Curm: Don’t know much about SuperMerka2 other than that I believe they’re Argentines and seem to be solidly cumbia villera. Around this time last year their song “Que Calor” was big in Monterrey, MX. It could be heard blasting from CD stands, miscellaneous retail stores, and bars all around the downtown area. The beat is crazy: sparse, heavy, and relatively slow, with a synthesizer providing the melody. The other songs on a CD I bought are similar in style and the lyrics deal with topics like staying up till 6 in the morning and coping with hangovers.
Boima: A friend pointed me towards your cumbia mix and I want to say it is very nice, the brief, and seamless, excursions into other genres is great.
The surgence being spoken about here kinda comes across like the experience of meeting a good looking, witty girl, hanging out with her a few times and then telling all your friends how much she means to you (this is a very hypothetical “you”). Due to her undeniable aesthetic attractiveness (that groovy riddim!) and the mental lightbulbs popping left and right (seems to bridge a gap between salsa and reggae, brilliant!), it’s hard for gringos with a bassy musical addiction and platform for spreading ideas to resist. Yet like Rupture said, there are many facets of the music spread among different countries, cultures, eras and scenes.

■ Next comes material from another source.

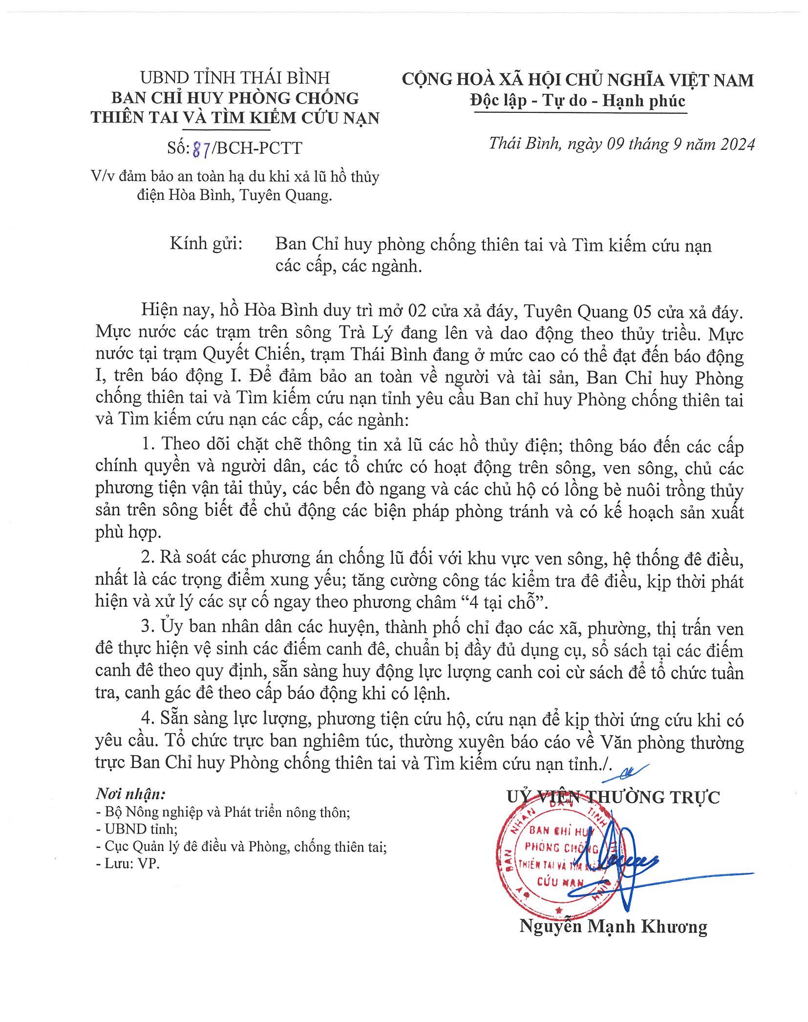 - Công điện khẩn số 10 của Ban chỉ huy PCTT và TKCN tỉnh Thái Bình điện Ban chỉ huy PCTT và TKCN các cấp, các ngành 03.09.2024 | 22:24 PM

For a rookie to jump in too quickly would be imprudent and will naturally inspire a bit naysaying and second guessing.
Also, this is not the first English-language media surgence of cumbia. I assume some of you folks have read the Austin Chronicle article from 2002 about the Monterrey scene and the work of Toy Hernandez and Celso Pina. The resonances of that were not as widely felt among us gringos for a variety of speculative reasons (although the article definitely pointed me personally towards rebajadas and the flea market stall of Gabriel Duenez). Quantic has also been spreading the vibes over the past year or so. What I imagine is helping propel the Argentine stuff are the qualities of cumbia crunk remixes/blends mentioned by Rupture: lyrics in English and layered familiar drum machine sounds.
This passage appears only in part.